Tutte le cose indefinite/senza un nome proprio/aspettano di essere chiamate/per compatire/mentre esistono anche senza il nome/ alberi di ogni specie, ed erbe/ e insetti, ed anche le stelle del cielo/ Io no, io aspetto che tu mi chiami/ed inizio ad essere/ tra le sillabe del nome che mi dici
In poche strofe, Mariangela Ruggiu sintetizza il principio che rimanda alla mistica del quotidiano, alla regola del non attaccamento alle cose e al proprio nome, al superamento dell’egotismo attraverso la compassione, cardini essenziali su cui si fonda la meditazione trascendentale. Compatire, cum patire, sentire la stessa sofferenza con gli altri, aspetto fondativo di ogni relazione: l’empatia con gli altri e con il mondo, travalicando i confini ristretti dell’io. Attraverso un’atmosfera quasi dickinsoniana, viene recuperato nella brevità del verso quell’aspirazione spirituale assolutamente fuori da ogni magistralità ecclesiastica e verticistica. Il divino è nelle cose, segue una misteriosa orizzontalità trasversale. La poesia viene ispirata dal sentirsi parte di un tutto, fuori da ogni schema prefigurato, da ogni miope antropocentrismo. Si può leggere sotto traccia un panismo antico, che richiama lo stato veggente di Walt Withman e la consapevolezza contemplativa del Dio delle piccole cose di Arundhati Roy.
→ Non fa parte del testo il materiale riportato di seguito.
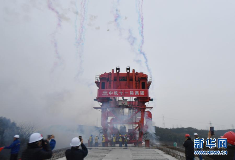 1月31日,常益长高铁六标箱梁架设顺利完成。新华社记者 赵众志 摄

Mettimi la tua mano sulla fronte/ contienimi/ e quando mi abbracci stringimi/ sento il mio corpo svanire/ e non ho oro non ho oro/ per tenerlo insieme/ Penso alla rosa/ quando sfiorisce/ alla bellezza che contiene il seme
La conversazione poetica indica spesso un tu immaginario, oggetto e soggetto di un amore universale, interlocutore invisibile di uno slancio che accomuna e non restringe ogni umano sentire.
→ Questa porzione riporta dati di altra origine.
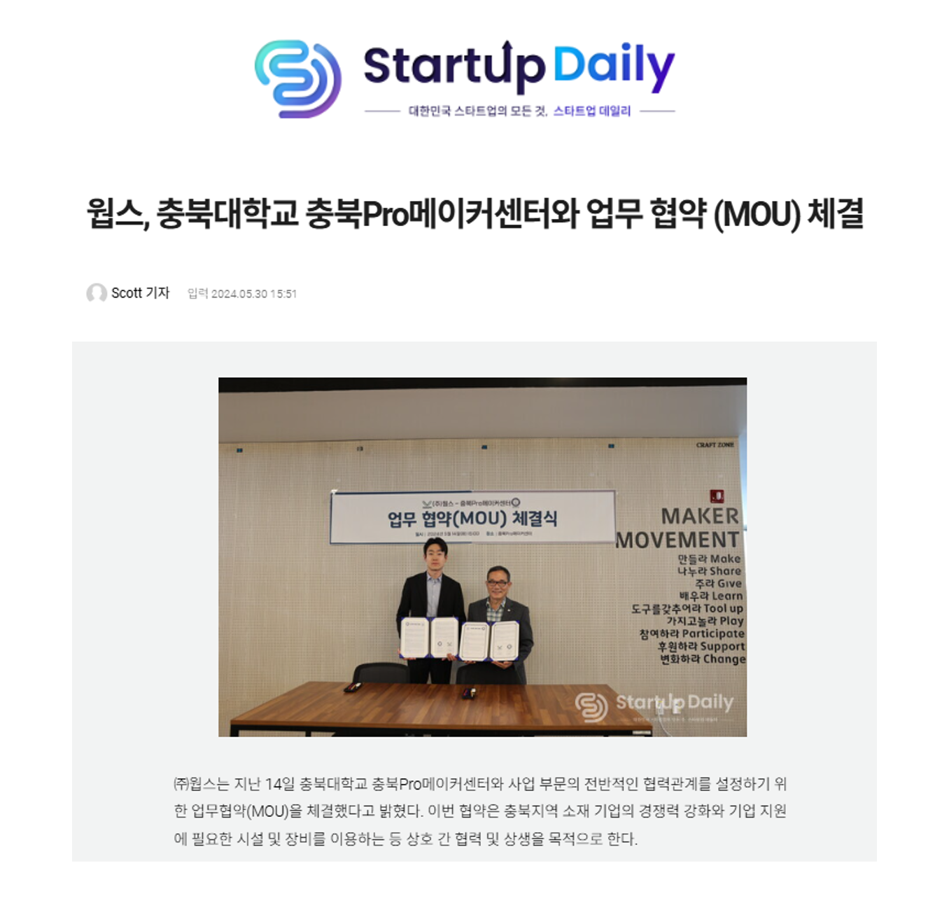 - (클릭) 웝스, 충북대학교 충북Pro메이커센터와 업무 협약 (MOU) 체결 < 스타트업 < 기사본문 - 스타트업데일리 (startupdaily.kr)

Il passaggio dall’io al noi avviene attraverso la genealogia femminile, che viene citata attraverso il martirio della conoscenza. Il ricordo di Ipazia, scienziata matematica astronoma e filosofa dell’antica Grecia e il sacrificio delle donne esperte erboriste, considerate streghe destinate a bruciare vive sui roghi durante l’epoca medievale, vengono nominati come elementi parentali di una famiglia di appartenenza. L’ ispirazione poetica viene attraversata dal manifesto sotterraneo e intangibile che esalta la coralità poetica delle donne e l’ attenzione per la scrittura come pretesto, per realizzare la cooperazione tra anime affini tese verso una pacificazione interiore e un superamento di inutili e conflittuali competizioni intellettuali ed erudite.
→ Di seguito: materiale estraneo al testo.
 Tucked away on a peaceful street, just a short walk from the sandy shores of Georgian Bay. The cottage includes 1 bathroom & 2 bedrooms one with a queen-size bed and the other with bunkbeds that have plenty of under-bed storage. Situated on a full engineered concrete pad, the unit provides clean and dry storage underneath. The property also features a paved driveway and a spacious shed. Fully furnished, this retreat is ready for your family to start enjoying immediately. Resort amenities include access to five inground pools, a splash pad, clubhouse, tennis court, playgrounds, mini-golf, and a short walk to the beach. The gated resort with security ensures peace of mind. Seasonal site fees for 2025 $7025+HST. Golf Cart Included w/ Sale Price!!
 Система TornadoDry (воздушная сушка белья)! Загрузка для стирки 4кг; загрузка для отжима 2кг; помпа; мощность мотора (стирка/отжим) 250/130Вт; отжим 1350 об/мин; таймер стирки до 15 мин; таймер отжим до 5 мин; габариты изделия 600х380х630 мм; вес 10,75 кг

Vengo dal tempo delle streghe/ dai roghi della paura/ quando sollevare il capo era peccato/e il sangue solo espiazione/ il tempo ha eredità dei corpi smembrati/ con i cocci di vetro, per il peccato di conoscere/ più del sesso fa paura la conoscenza/ in ogni tempo versano il buio negli occhi delle bambine/ ma noi veniamo alla luce/ la intrecciamo nell’ordito delle parole/ la passiamo di mano in mano/ nei canti sottovoce o nei libri sottratti al rogo/ è luce che scoppia in prima fila nella guerra/ dietro il sorriso e il canto/ mano nella mano con la morte
Profonda ricognizione mnemonica degli affetti e dei vissuti, senza nessun compiacimento letterario esibito. Testi brevi e composti, una spaziatura calibrata tra i versi, per scandire bene i tempi della lettura, parole domestiche e delicate. Il principio della comprensibilità diventa regola rispettata in modo esemplare per far arrivare un messaggio senza inquietare con citazioni colte e figure retoriche. Introspezione e saggia meditazione, senza mai abbandonarsi allo sconforto e alla disperazione. Mariangela Ruggiu ci avvicina così alla filosofia orientale, alla concezione olistica della dimensione umana e naturale che supera ogni egocentrismo narcisista, ogni atteggiamento autocentrato e solipsistico, per approdare alla percezione profonda di un equilibrio tra l’Uno e il Tutto, tra le creature e l’universo.
La terminologia rurale e vegetale, i fenomeni della natura e all’avvicendarsi delle stagioni diventano i sentieri simbolici di questa ricerca interiore, la nomenclatura di una saggezza senza tempo che ha radici antiche in ogni persona capace di mettersi in ascolto del respiro del mondo.